To examine whether the simple ANN and SNN are able to yield comparable performance to a deep and complex network architecture, we also test a hierarchical classifier using a convolutional neural network that consists of three convolutional layers and two fully connected layers (CNN). The first convolutional layer has one input and 32 output channels, the second one has 64 output channels, and the third one has 128 output channels using ReLU as an activation function. The kernel size and stride of all convolutional layers are set to 2 and 1, respectively. Each convolutional layer applies max-pooling of which kernel size and stride are 2. The first fully connected layer makes 512 outputs using ReLU and dropout with a probability of 0.5. The second fully connected layer works the same as the output layer of ANN and SNN.

3.3 Feature Selection

The set of features selected for a machine learning model affects the performance of the resulting model [26,27]. Feature selection is a process to find the best set of features for optimizing models. It also aims to reduce the number of input features to decrease the computational cost of modeling. Several feature selection techniques are based on a statistical test of data characteristics such as information gain, correlation coefficient, and Chi-squared test.
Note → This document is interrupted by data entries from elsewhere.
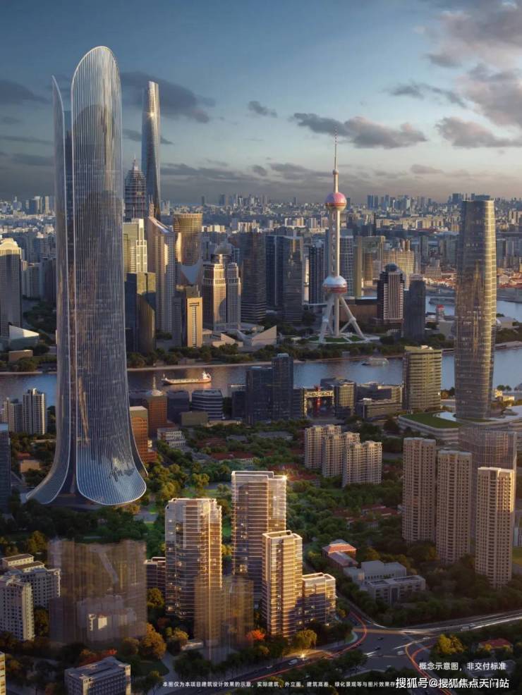 尊踞上海北外滩之心,与陆家嘴天际线从容对望.项目直线距离黄浦江岸仅约900余米(来源百度地图),坐揽北外滩中央公园生态绿肺(规划)及百年外滩人文画卷,是外滩新百年时代无可争议的封面作品.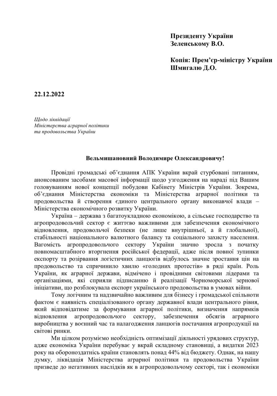 27 аграрних асоціацій просять президента та прем’єра не ліквідовувати Міністерство аграрної політики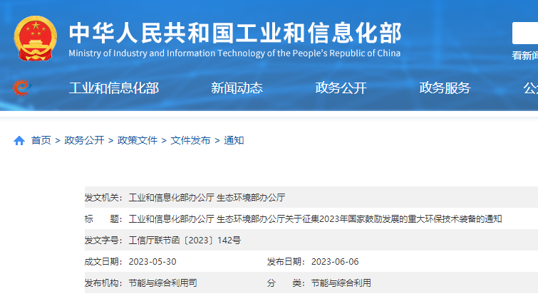 工業(yè)和信息化部辦公廳 生態(tài)環(huán)境部辦公廳關(guān)于征集2023年國家鼓勵發(fā)展的重大環(huán)保技術(shù)裝備的通知
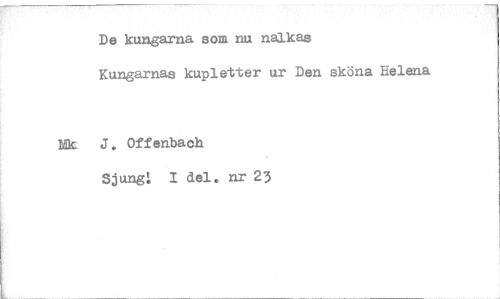 //// De kungarna som nu nalkas //// Kungarnas kupletter ur Den sköna Helena //// Wc J. Offenbach //// Sjung: I del, nr 23 ////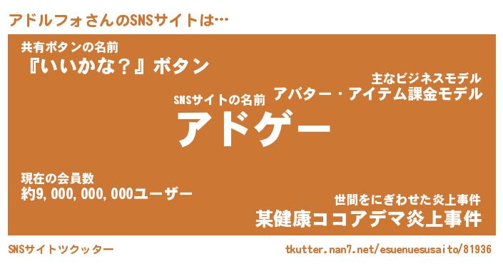 | ヒーロー風カッコイイあだ名 | 『スーパーアドルフォ』『幻影騎士アド』 |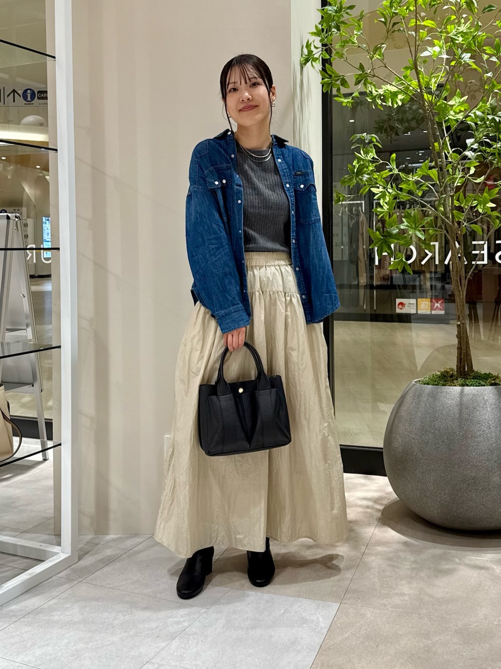程よいサイズ感とシルエットでスカートはもちろん、ワイドパンツとの相性も◎インナーはすっきりとしたデザインのものがおすすめです。
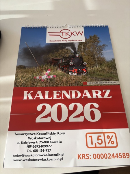 W kasie biletowej można nabyć już kalendarze na rok 2026 zawierające zarówno aktualne, jak i historyczne fotografie kolejki. Dostępne są również nowe pamiątki związane z kolejką, które z pewnością zainteresują kolekcjonerów i turystów.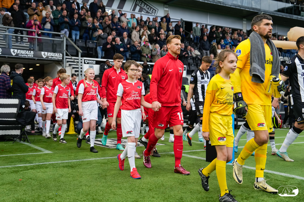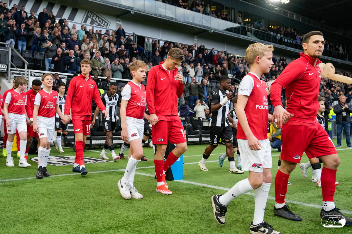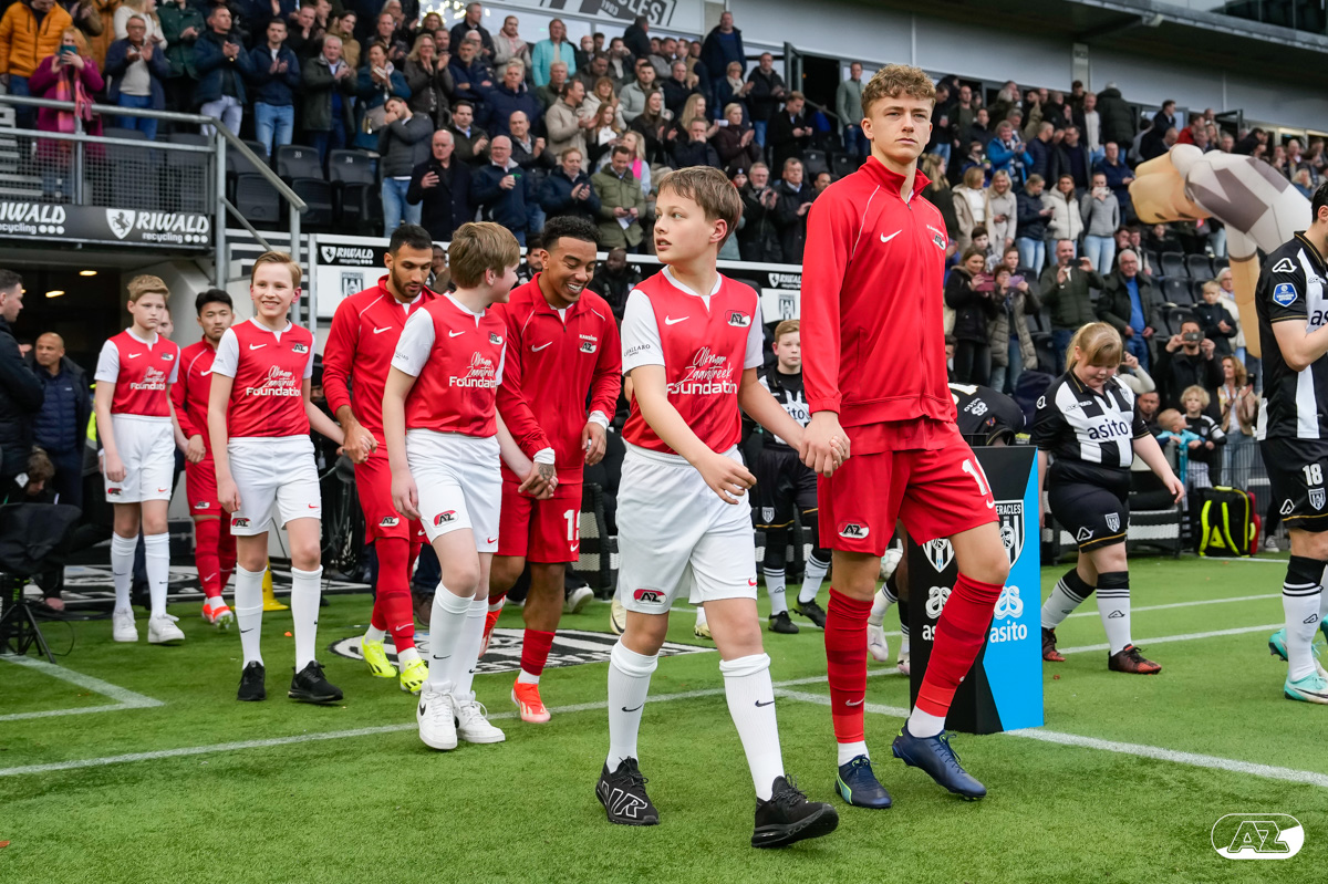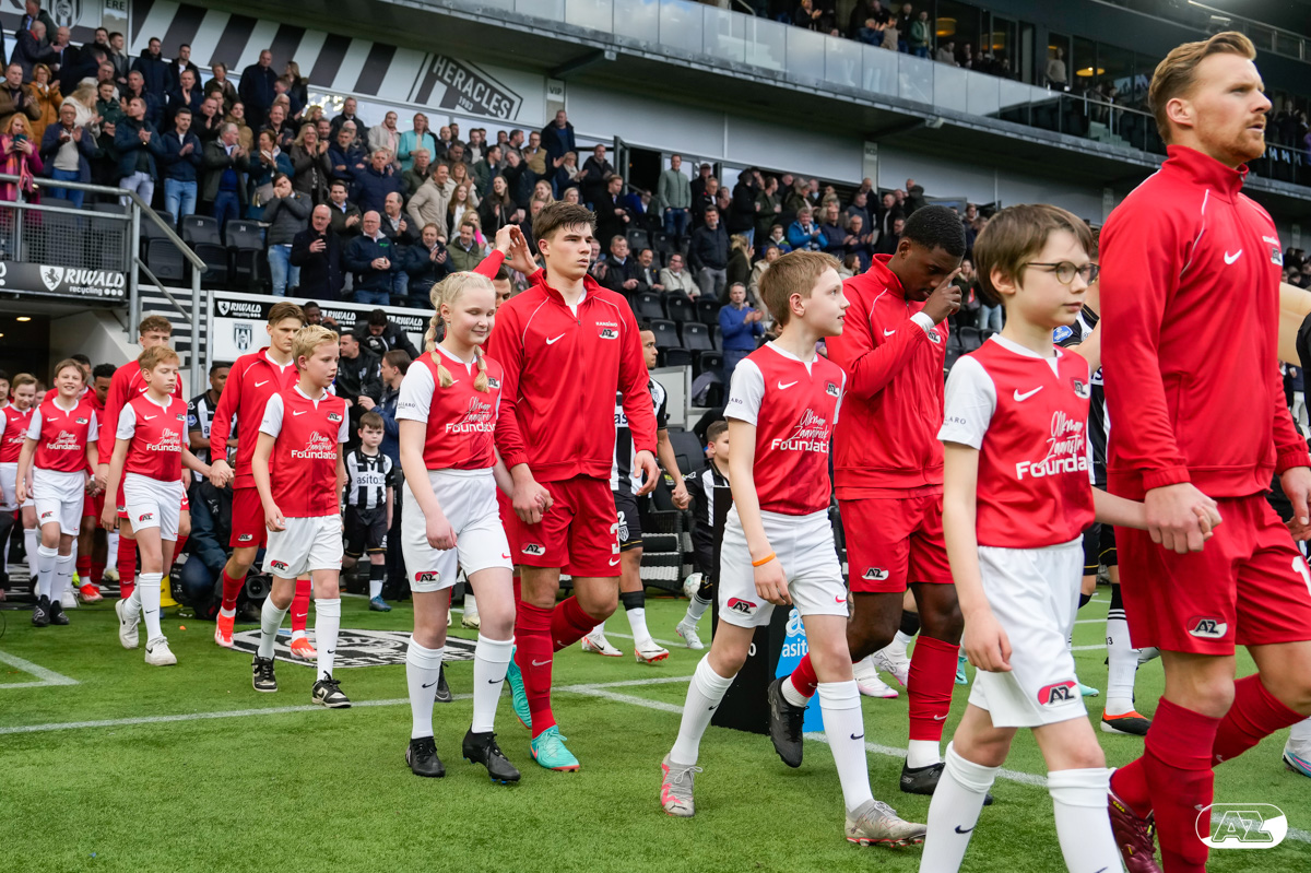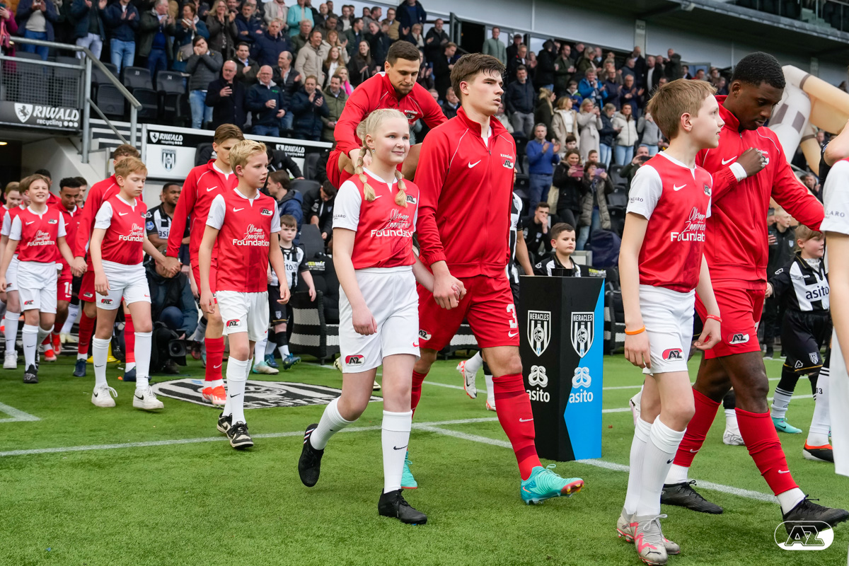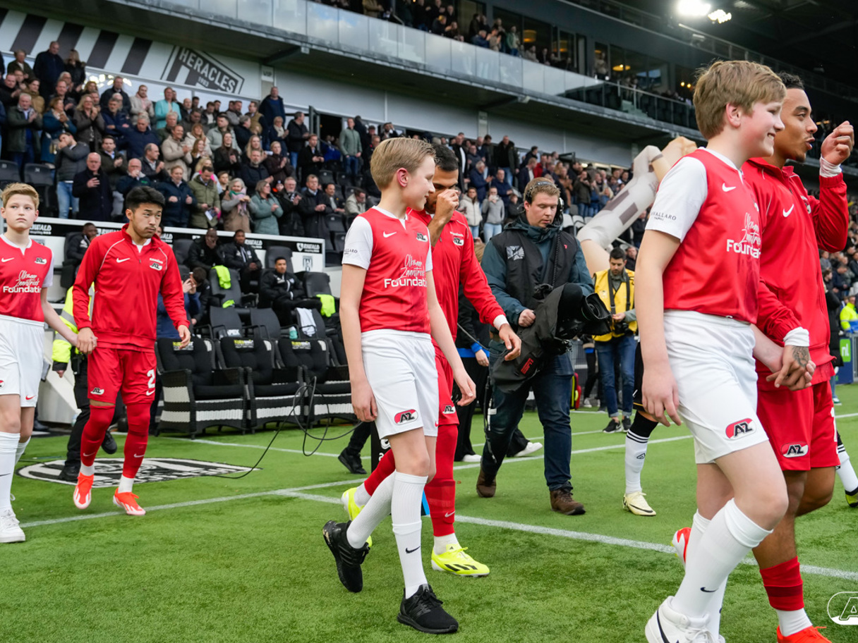 ALMELO- Voorafgaand aan de wedstrijd van de Heracles tegen AZ mochten leden van De Waaghalzen & De AllstarZ mee het veld op als spelersescorte. De Waaghalzen & De AllstarZ bij de wedstrijd tussen Heracles en AZ in beeld.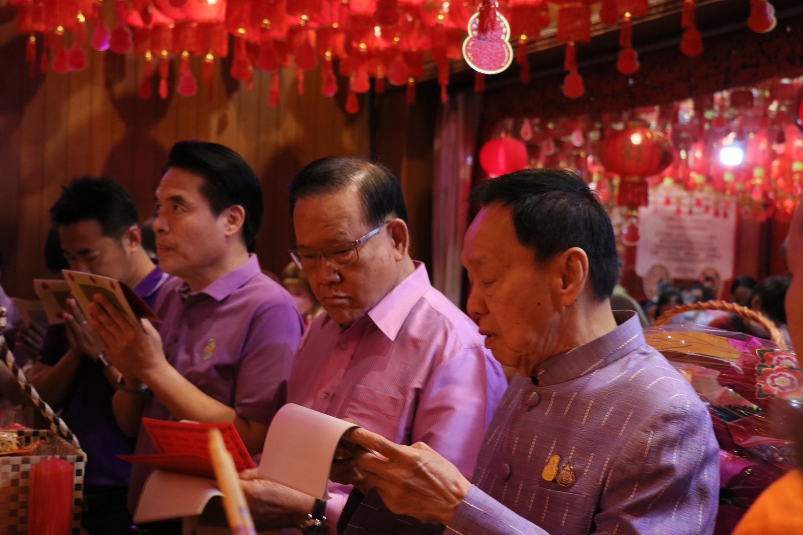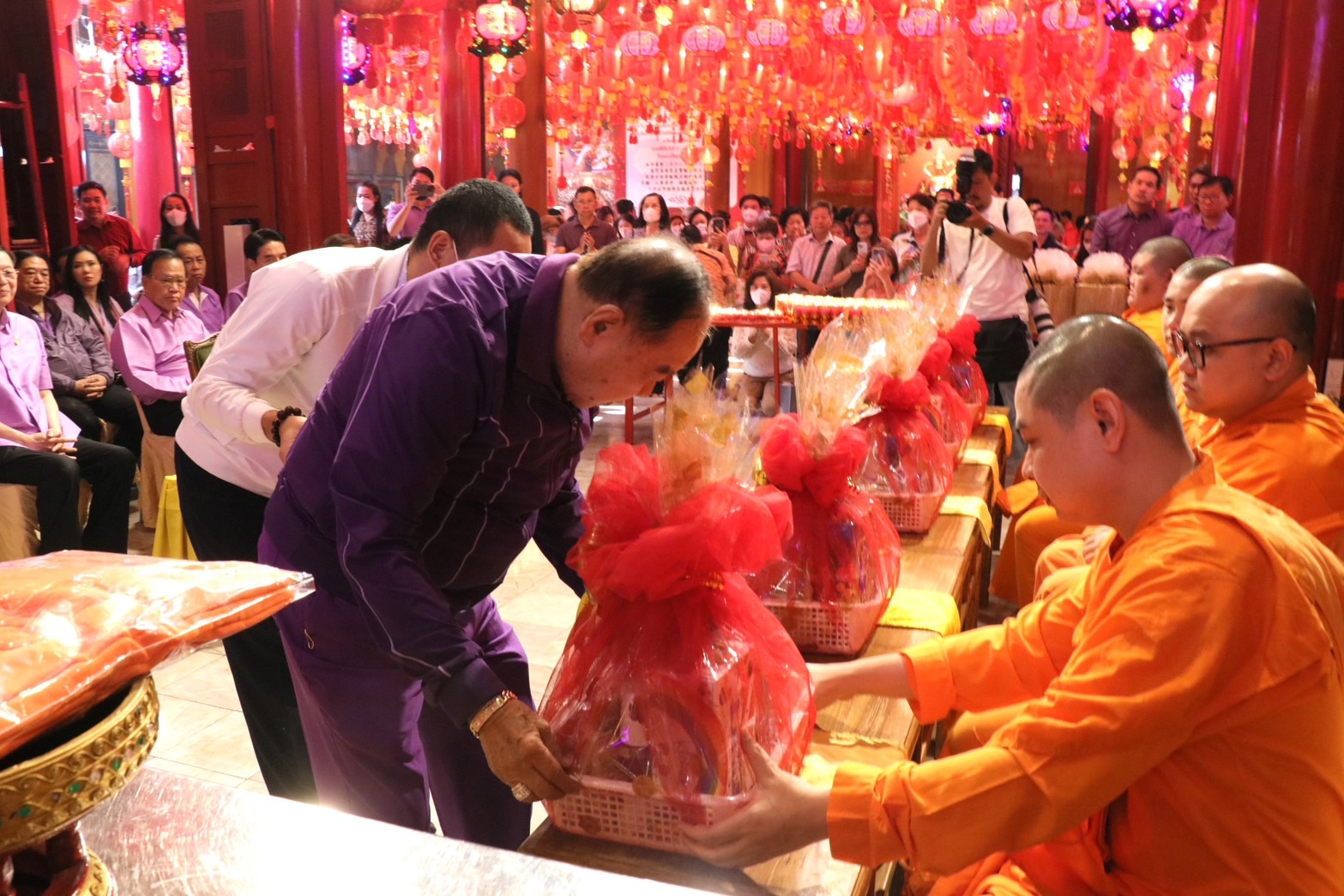ทั้งนี้ พล.อ.ประวิตร ได้ขอพรเทพเจ้าในจุดสำคัญตามประเพณี และเข้าพิธีถวายโคมประทีปแดง พร้อมจุดเทียนชัย ณ อุโบสถโดยมีพระครูมงคลรัตน์ (เสี่ยมุ่ย) ผู้ช่วยเจ้าอาวาสวัดเล่งเน่ยยี่ และพระสงฆ์จีน 5 รูป ร่วมสวดมนต์เพื่อความเป็นศิริมงคลของทุกคนในพรรคให้สามารถทำงานรับใช้ประชาชนได้อย่างสัมฤทธิ์ผล ราบรื่นและให้มีความเจริญรุ่งเรือง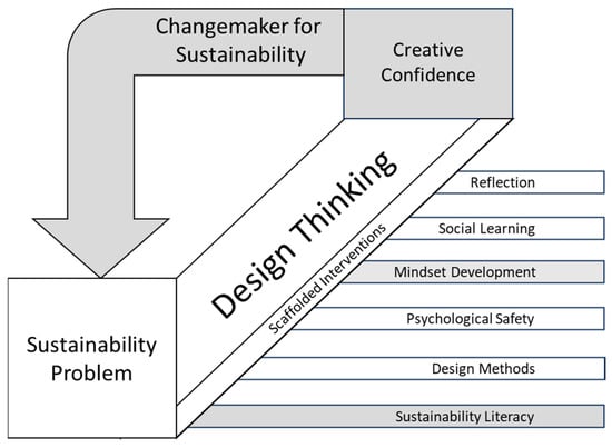 Bryant et al. [] reminds us, “The agency, empowerment and confidence to tackle sustainability challenges is one of the key capacities needed in the world.” Creative confidence is recognised as an outcome of the DT process [,,]. Creative confidence comprises two factors: creative agency, “the ability to apply one’s creativity”, and creative self-efficacy []. Traditional education trains students to “know” before acting []. DT encourages learning from doing through repetition and iteration, which builds confidence through a scaffolded process []. In that process, people’s self-efficacy is increased by having them attempt and accomplish increasingly more complex tasks [,,]. When used repeatedly, DT promotes “creative confidence” or mindsets that support “creative self-efficacy” [,]. Studies show DT increases participants’ confidence [,], which is critical to preparing changemakers to lead sustainability transitions.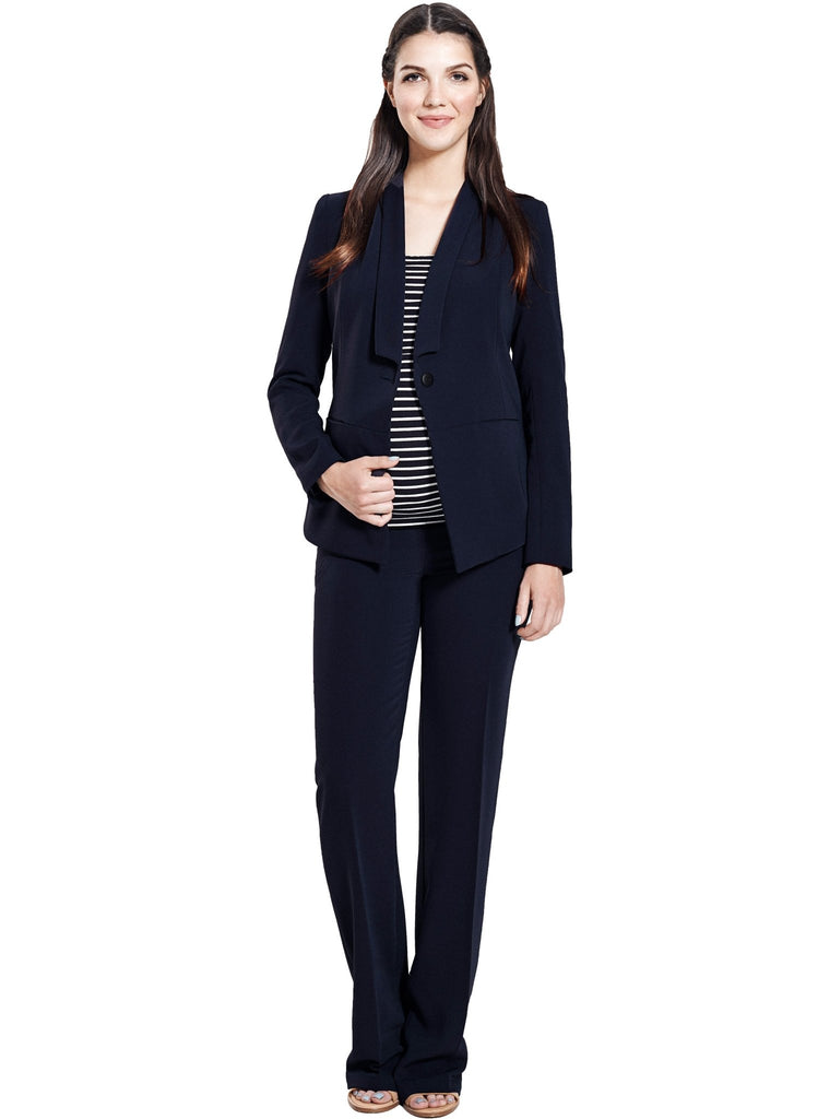 Waisted jacket with lapel a collar, closed with a button at the front in black.

Except for CNN, we vary the number of features used for ANN and SNN models to investigate their impact on the performance of the classifiers. To this end, we compute Chi-square scores between each feature and target class and then choose the set of features that yield the best Chi-square scores. In the case of CNN, we utilize 25 features for all the datasets.

3.4 Performance Metrics

We use four metrics to evaluate the performance of anomaly detection: overall accuracy, precision, recall, and F1-score:

· Overall accuracy is the ratio of correctly classified instances to all instances in a given dataset. While this is a representative metric to demonstrate the performance of the classifier on the entire trace set, the following metrics are to evaluate the quality of classification results for each class.

· Precision is the ratio of True Positives over the sum of True Positives and False Positives, where True Positives is the number of correctly classified instances into a given class and False Positives the number of instances falsely selected to the class.

· Recall is the ratio of True Positives over the sum of True Positives and False Negatives, where False Negatives is the number of instances from a given class that are falsely labeled as another one.

· F1-score considers both precision and recall in a single metric by taking their harmonic mean.

Ⅳ. Results

4.1 Binary Classification

We examine the performance of ANN and SNN binary classifiers. Figure 3 presents the overall accuracy according to the number of features for constructing models. As the number of features used for models increases, both binary classifiers yield an accuracy close to 100% except for the NSL-KDD dataset; in the case of NSL-KDD, the overall accuracy is less than 90%, even with 25 features.

Fig. 3.

Accuracy (Binary Classification)
3.png

Recall that attacks and benign instances in the datasets are imbalanced, as shown in Table 2. It can distort the performance of the binary classifiers. To investigate the behavior of the binary classifiers further, we inspect the precision and recall for attacks of the classifiers with the best accuracy, e.g., the binary classifier for UNR-IDD with 25 features.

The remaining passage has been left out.